How to Create Good Habits

For the month of November, I’ll be focusing on creating good habits (setting realistic goals, sleep, eating and exercise). This might seem like a mean trick to play with the upcoming Holidays, but I think planning ahead might help make things a little easier, even if you decide to start in January. Personally, I am not a New Year’s Resolution kind of person. At. All. 

I’m definitely more of the type of person that decides something needs to change and then tries to work on that thing. This seems to work better for me, and I don’t feel as discouraged as making a New Year’s Resolution knowing I probably won’t make it past January 10th! 

I was talking to our son over this past weekend and he mentioned several things that he would like to do within the next year. They were big things. And they were good things. But because I’m wired in a similar way, I knew that if he tried to do even half of those things this year, he would end up discouraged and not do any of them. Even if he did do most of them, they likely wouldn’t be done well. 

One of the hardest things for my highly sensitive clients (HSPs) when making goals is that perfectionism creeps and rears its ugly head. When this happens, they usually get discouraged, shut down and stop trying. They will either abandon the project/idea altogether or they will procrastinate on it for as long as possible. Earlier, I wrote a blog on how perfectionism and anxiety hang out and you can read it here.

Here are a few things that might help you when creating good habits:

Give Your Future Self a Gift

This one is probably one of my favorites because it’s easy to remember and it really works! I wish I could take credit for this phrase but one of my dear clients told me this once in session. Whenever I find myself really procrastinating on something, I remind myself to give my future self a gift. It’s a good motivator in reminding myself that my future self doesn’t want to deal with this thing or be annoyed at my procrastination any more than my current self. So usually I get the thing done and move on to the next thing. 
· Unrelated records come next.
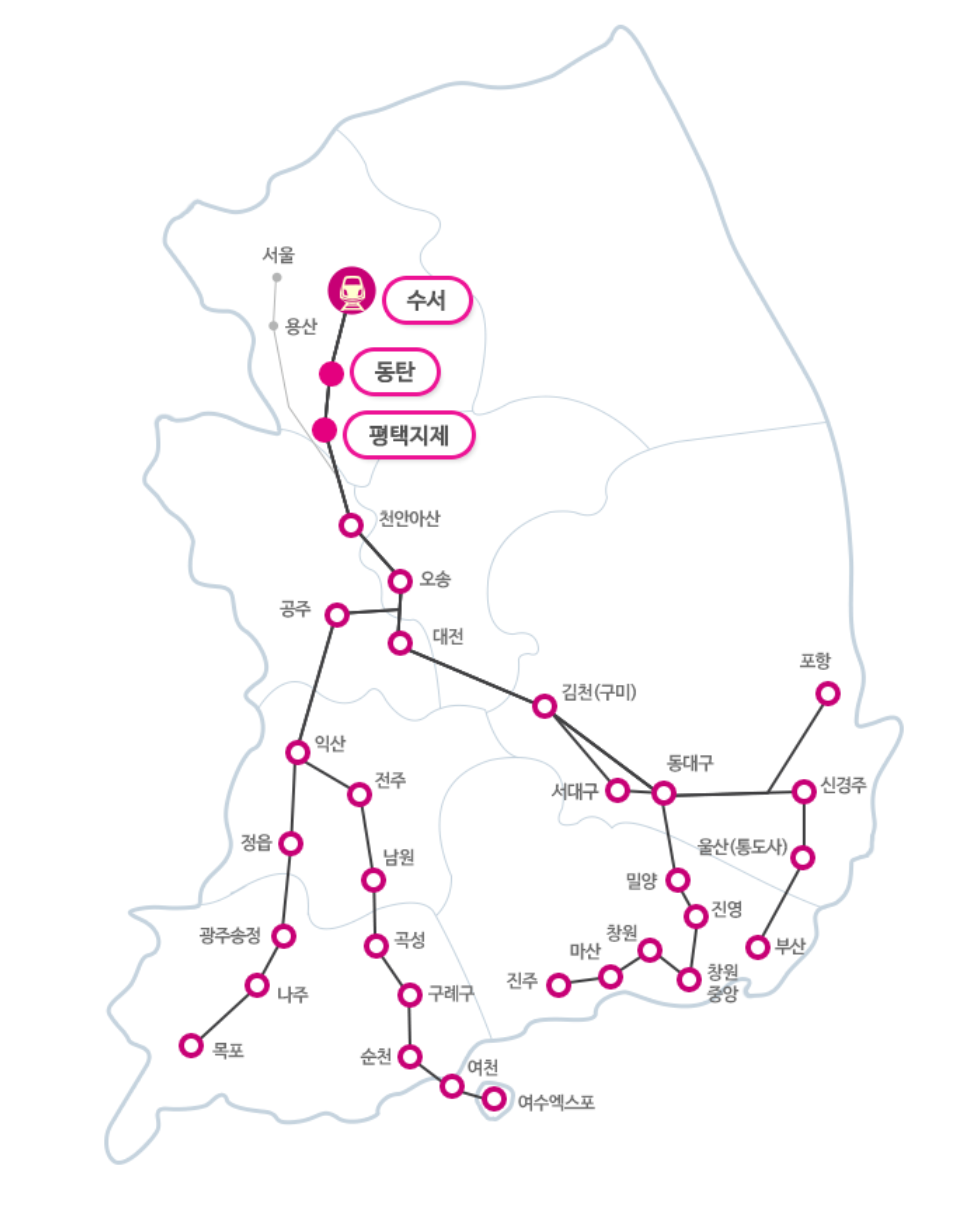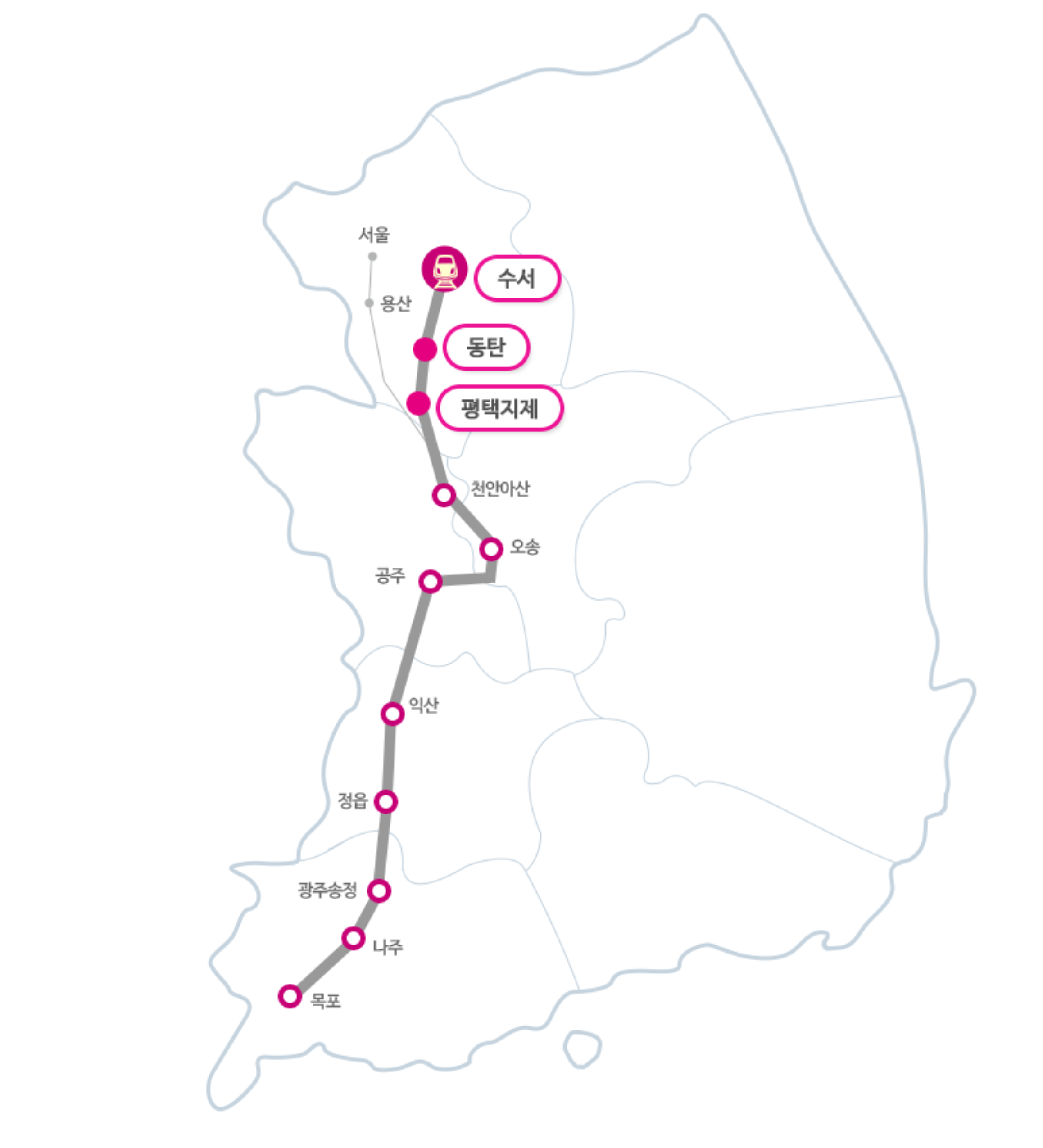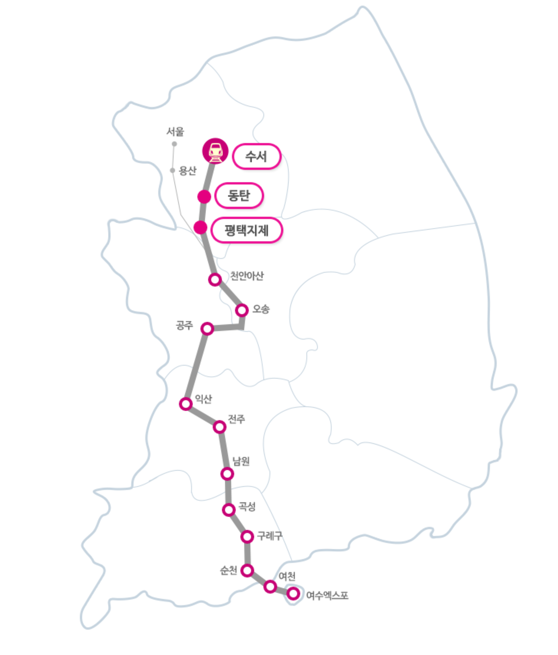 수서역 - 동탄역 - 평택지제역 - 천안아산역
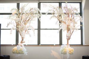 Sophia & Sam Wedding – Ceremony Trees Hydrangea Manzanita Dendrobium Phalaenopsis Orchid – Tribeca 360 NYC – by Shira Weinberger
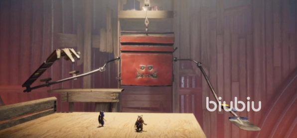 第二关总的来说游戏机制还是比较简单的,打BOSS时两人需要注意躲避各种具有伤害型的机关像桶压还有滚动的刮刀之类的,利用锤子和钉子前进的同时也要注意不要被不定时落下的钉子砸中。打BOSS时注意用翻滚来躲避工具的两只手的攻击,最后将工具箱的两边和最上面的锁都打开就通关了。
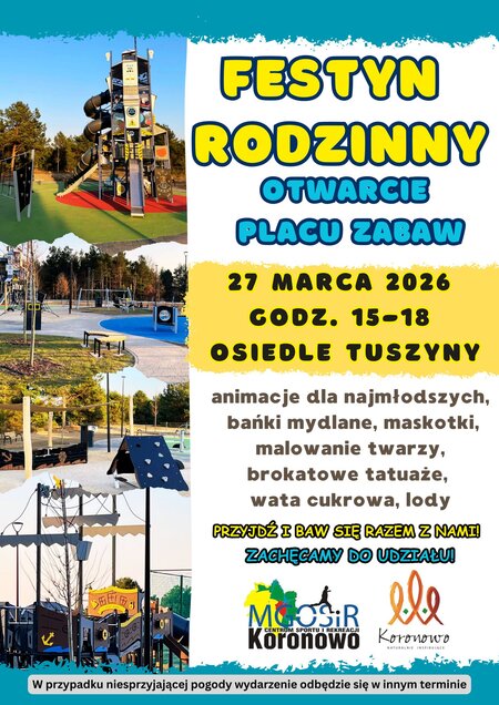 Zapraszamy na Festyn Rodzinny połączony z otwarciem placu zabaw na osiedlu Tuszyny, #który odbędzie się 27 marca 2026 r. w godzinach 15 - 18. Szczegóły na plakacie.
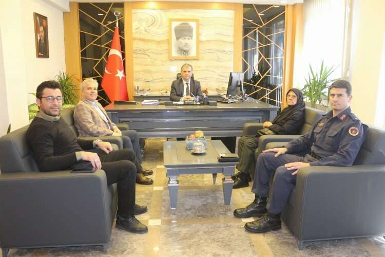 Kaymakamı Bayram Gale ziyaret sonunda Hayırsever Fatma Arıcan, Jandarma Asayiş Vakfı yetkilisi Emekli Jandarma Albay Atilla Onal, Bucak İlçe Jandarma Komutanı Teğmen Alperen Çatlı ile birlikte hatıra fotoğrafı çektirdi.

One of the tricks perfectionism plays is causing you to procrastinate. Perfectionism is sneaky and subtle. It may not even look like perfectionism at first. It might take the form of anxiety or even procrastination. Recently, I procrastinated on submitting some information to a conference I thought I might want to be a presenter.  I waited so long to fill out the application that they were no longer taking applications. Then I felt relieved because I thought, “They probably wouldn’t have wanted a presentation on that anyway.” This is perfectionism at it’s finest. The, “don’t even bother trying because it will be a no” kind. Even though I teach people about perfectionism all the time, it’s hard to see it in myself sometimes! As you plan your healthy habits, keep in mind that perfectionism is going to try to get you to procrastinate, which will then try to make you think it’s too late to change anything. Don’t listen! Do it anyway!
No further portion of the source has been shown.